This paper proposes a new framework using physics-informed neural networks (PINNs) to simulate complex structural systems that consist of single and double beams based on Euler-Bernoulli and Timoshenko theory, where the double beams are connected with a Winkler foundation. In particular, forward and inverse problems for the Euler-Bernoulli and Timoshenko partial differential equations (PDEs) are solved using nondimensional equations with the physics-informed loss function. Higher-order complex beam PDEs are efficiently solved for forward problems to compute the transverse displacements and cross-sectional rotations with less than 1e-3 percent error. Furthermore, inverse problems are robustly solved to determine the unknown dimensionless model parameters and applied force in the entire space-time domain, even in the case of noisy data.

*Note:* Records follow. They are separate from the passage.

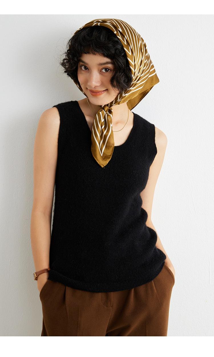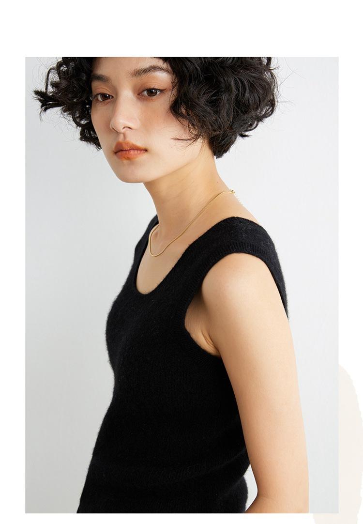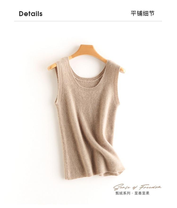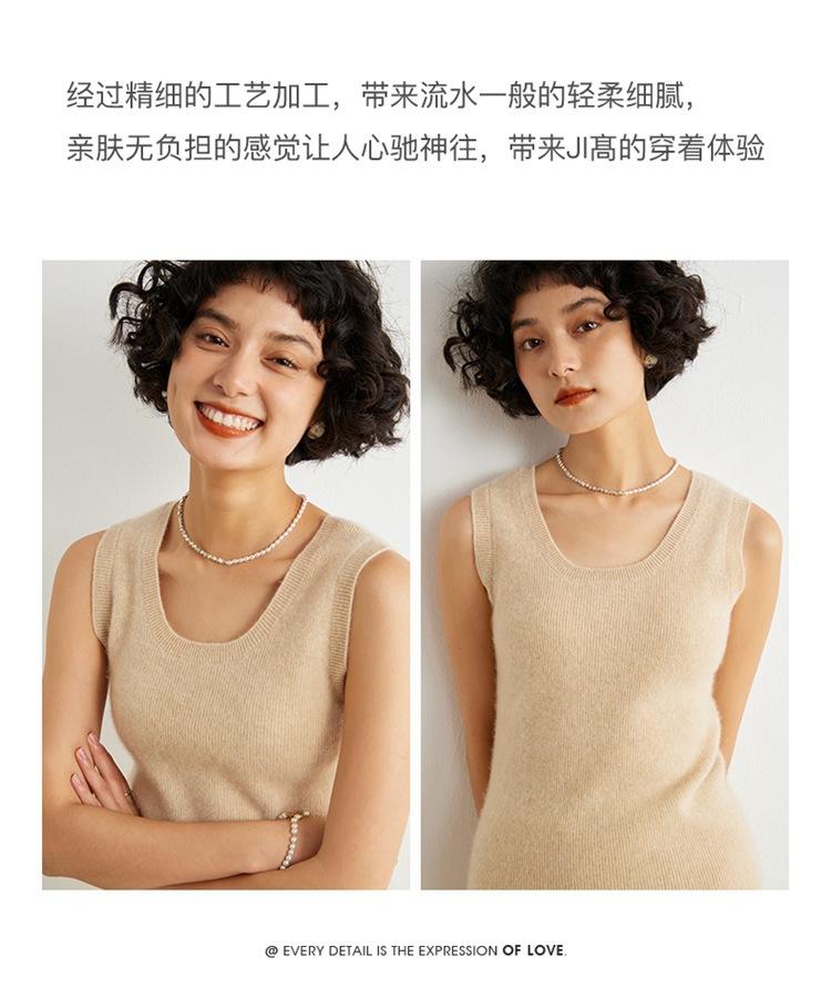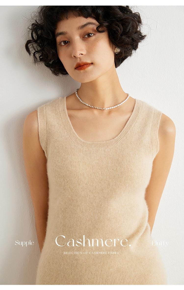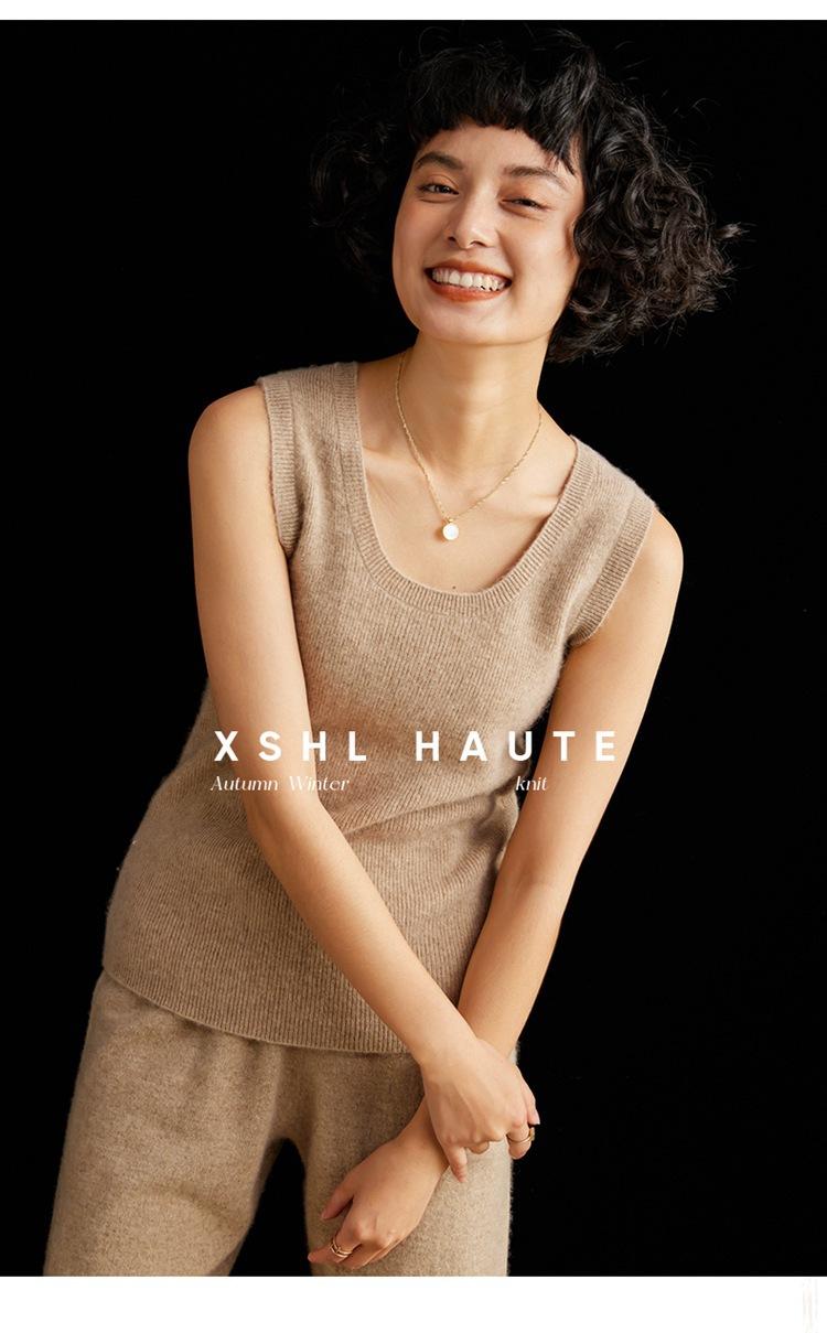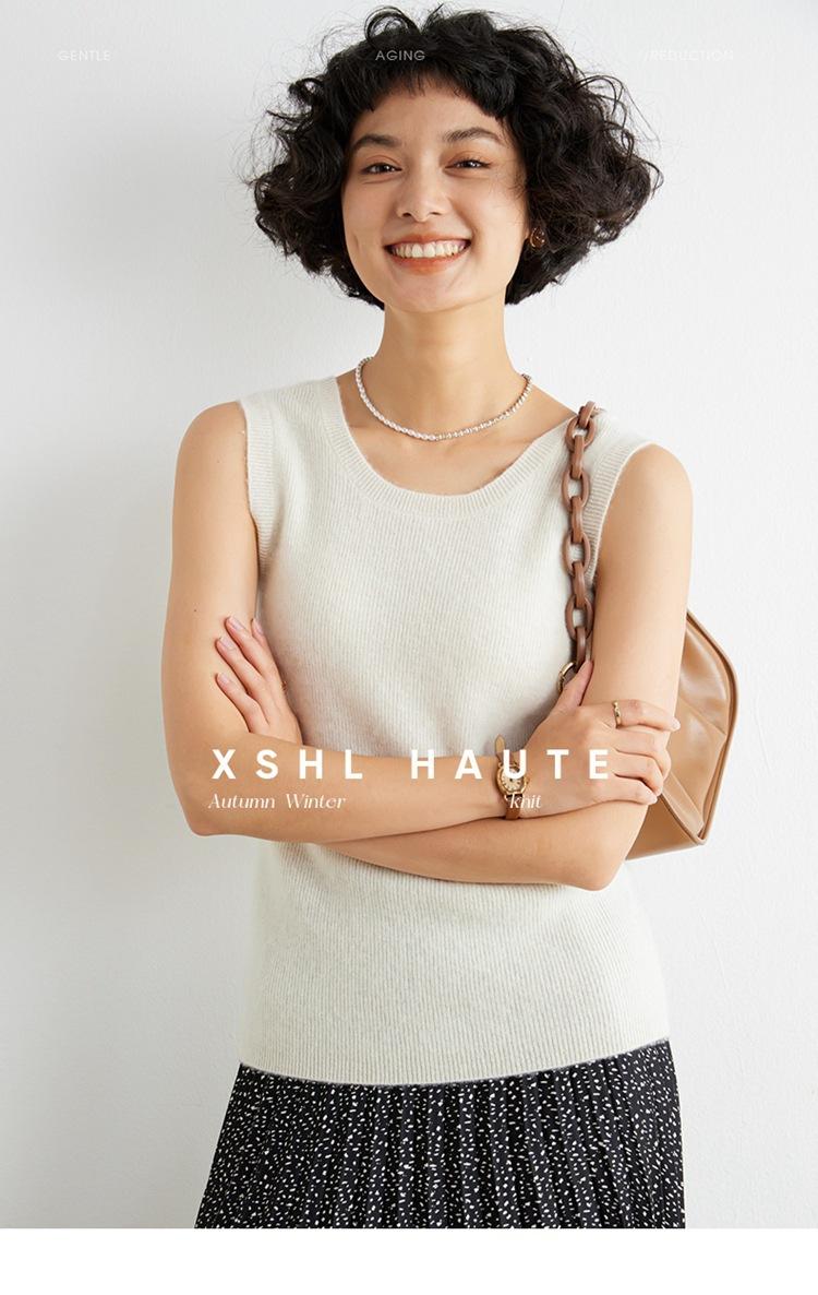 Otoño 2023 Nuevo Suéter de Cuello Redondo Tejido Fino Cachemira Camisola para Mujer Color Sólido Lana Base Chaleco con Patrón Tridimensional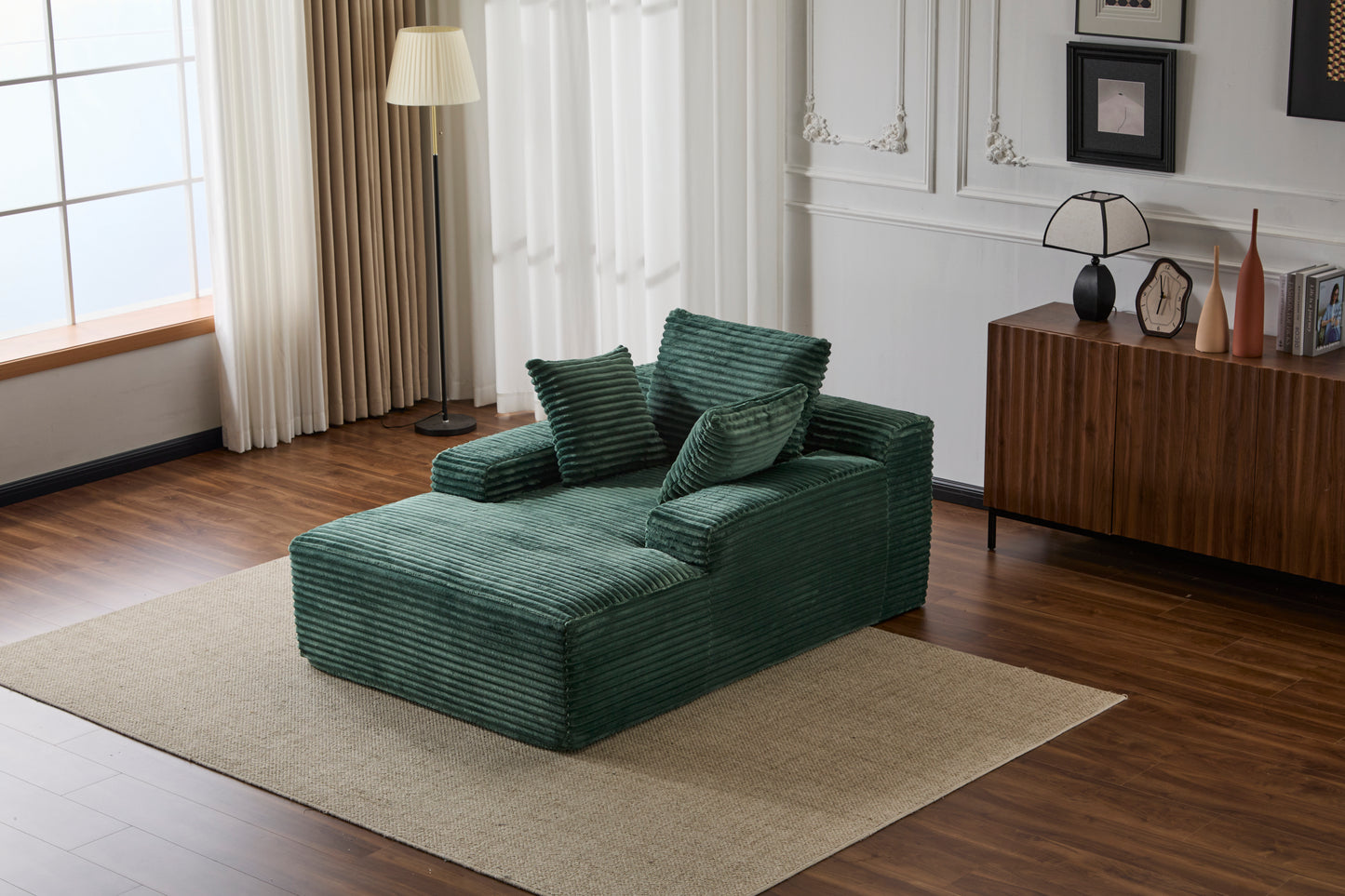 Oversized Chaise Lounge Chair Cozy Cloud Couch, Modern Plush Corduroy Upholstered Sleeper Sofa Daybed with 3 Throw Pillows and Wide Armrest for Living Room, No Assembly Required,Green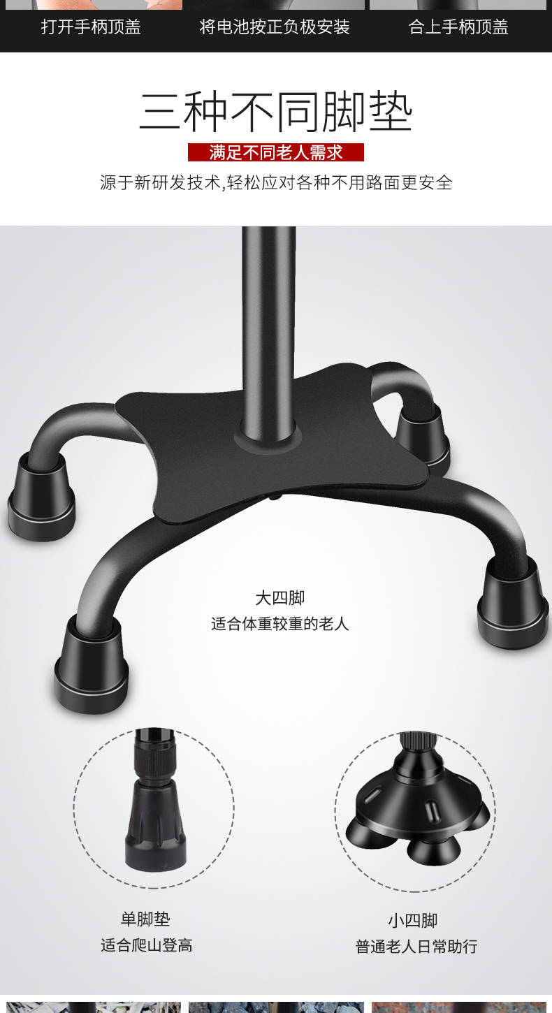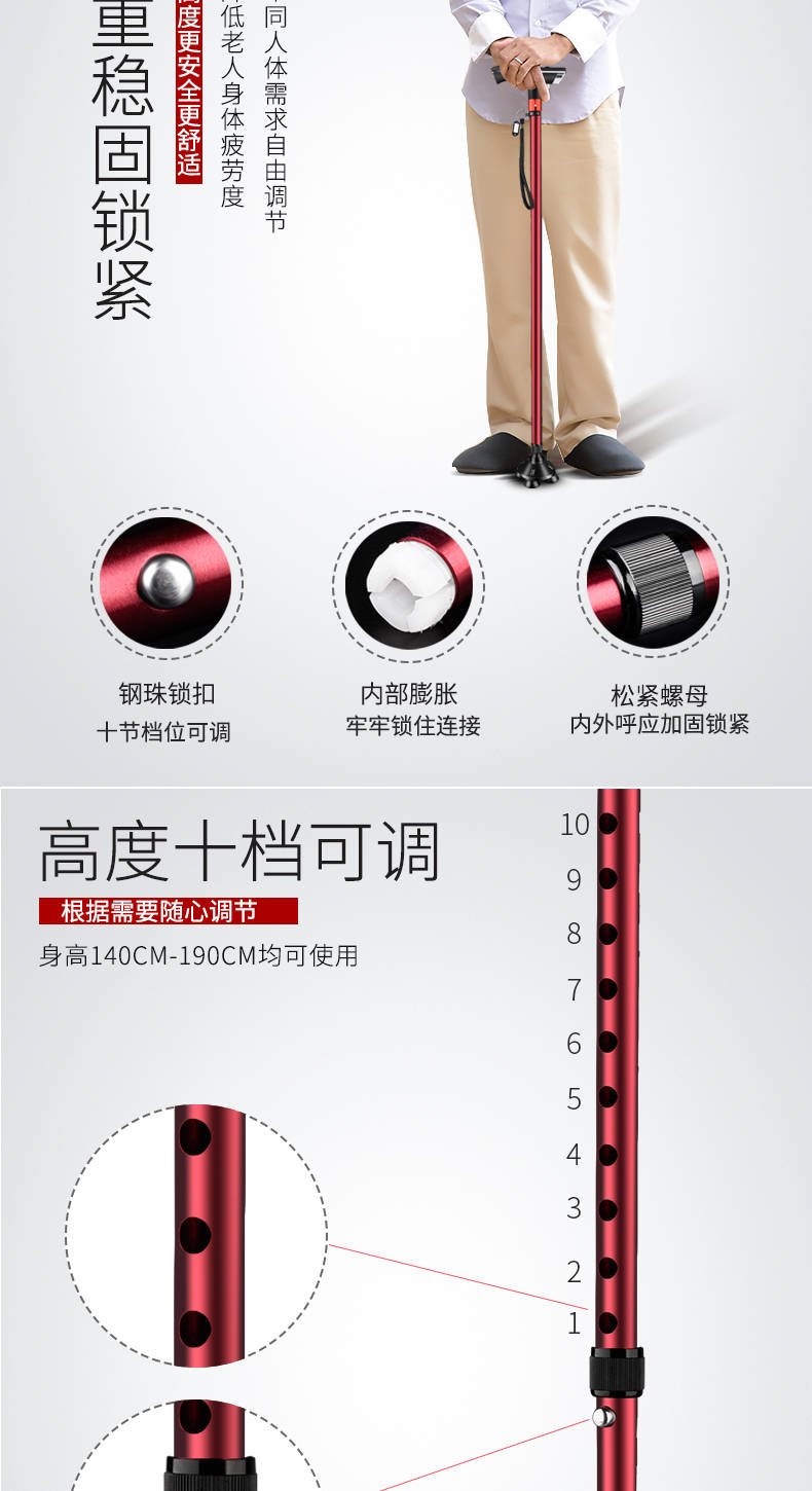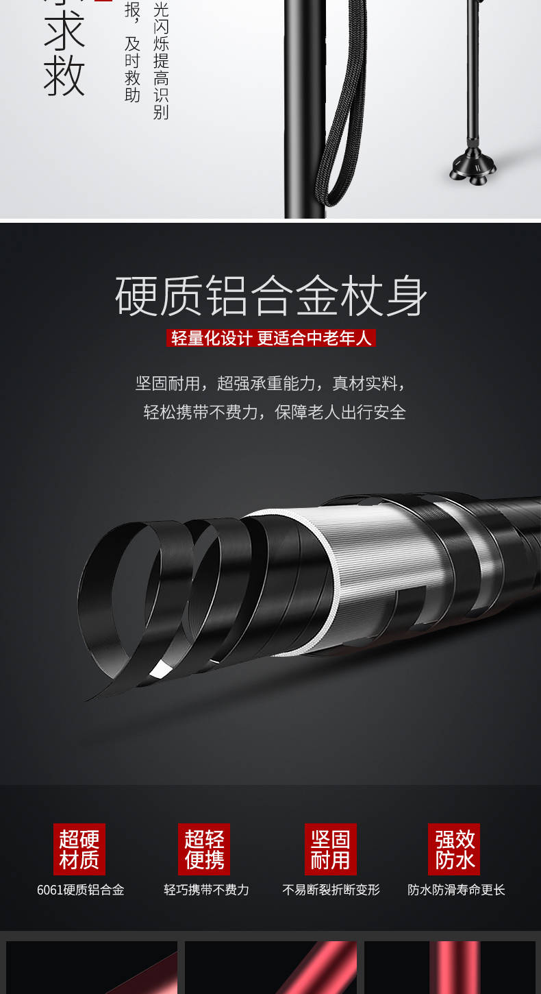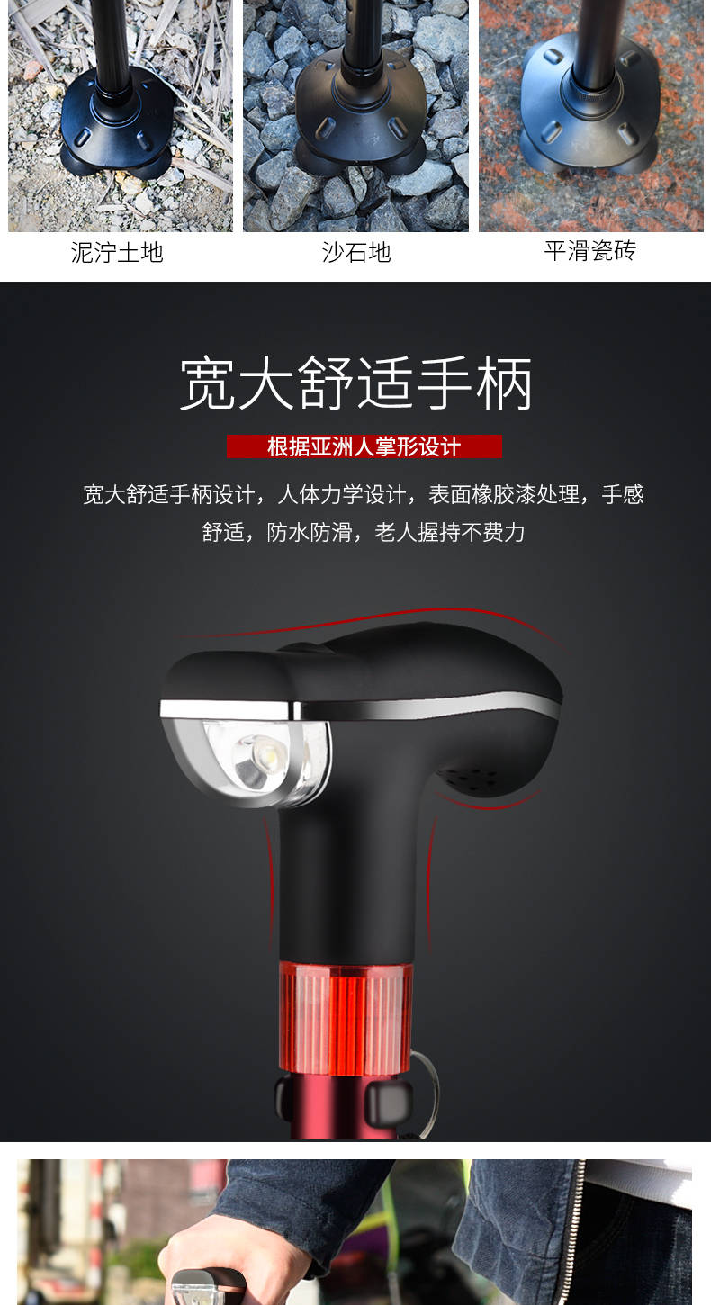 商品名稱:拐扙拐棍老人手杖四腳多功能超輕便防滑折疊老年人拐杖可伸縮帶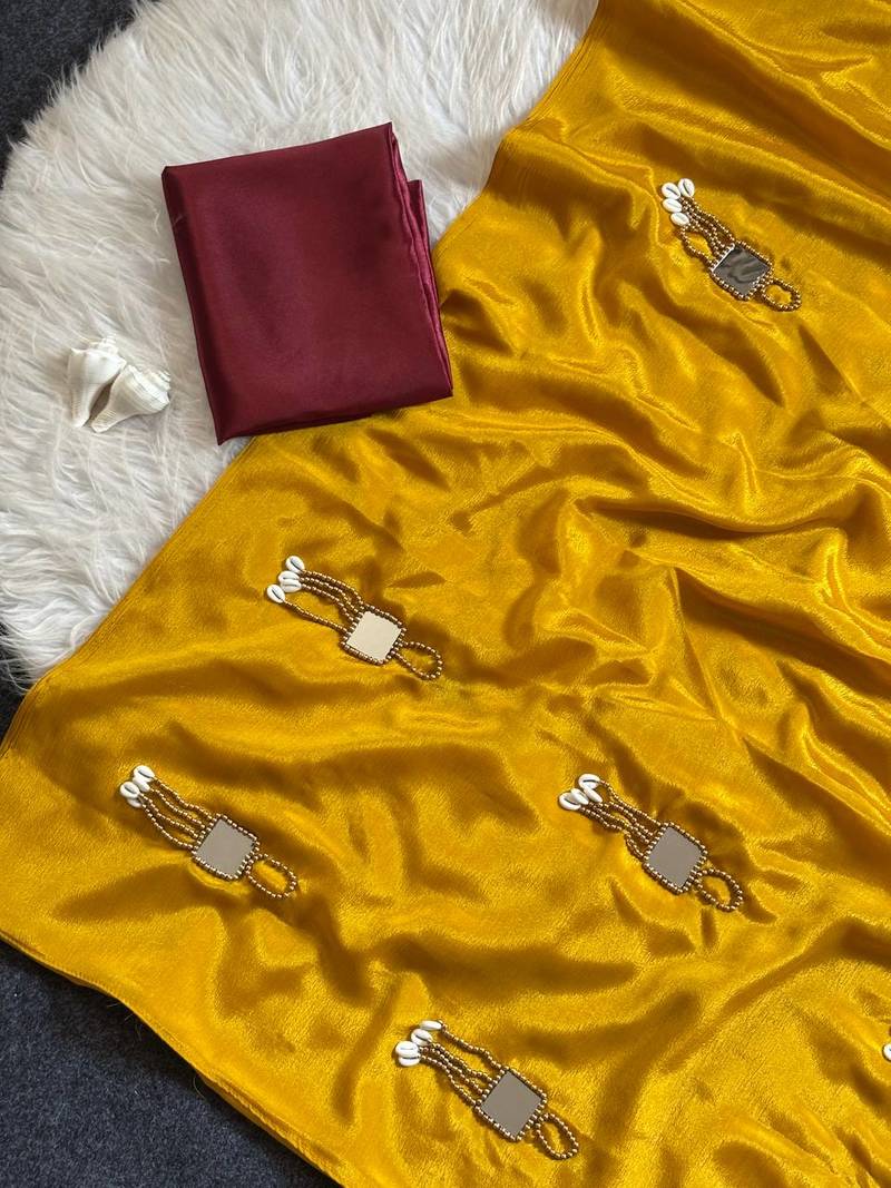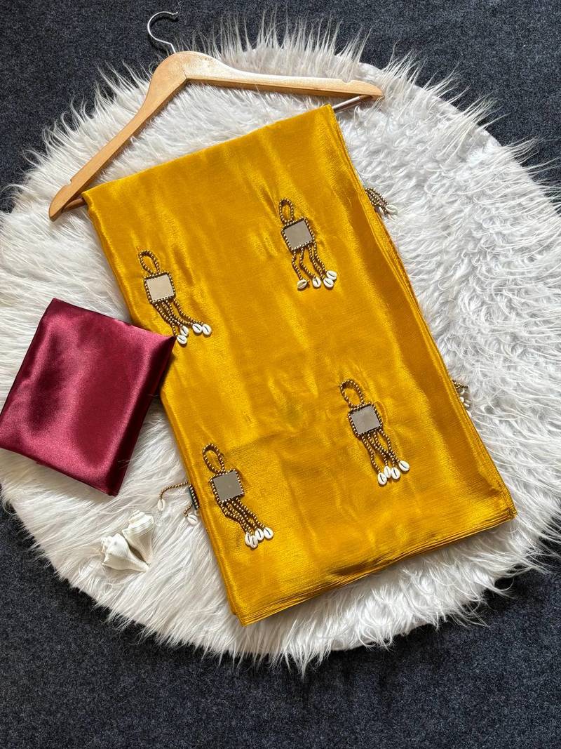 | Product Name | Mustard Color Real Mirror Moti Latkan & Kawdi Work Chinnon Saree | |

The results suggest that PINNs are a promising strategy for solving problems in engineering structures and machines involving beam systems.

翻译：本文提出一种基于物理信息神经网络(PINNs)的新框架，用于模拟由基于欧拉-伯努利和铁木辛柯理论的单梁与双梁组成的复杂结构系统，其中双梁通过温克勒地基连接。特别地，利用无量纲化方程和物理信息损失函数，求解了欧拉-伯努利和铁木辛柯偏微分方程的正问题与反问题。在正问题中，高阶复杂梁偏微分方程得到高效求解，横向位移和截面转角的计算误差小于1e-3%。此外，即使在含噪声数据的情况下，反问题也得到稳健求解，能够确定全时空域中未知的无量纲模型参数及施加的力。结果表明，PINNs是求解涉及梁系统的工程结构与机械问题的一种有前景的策略。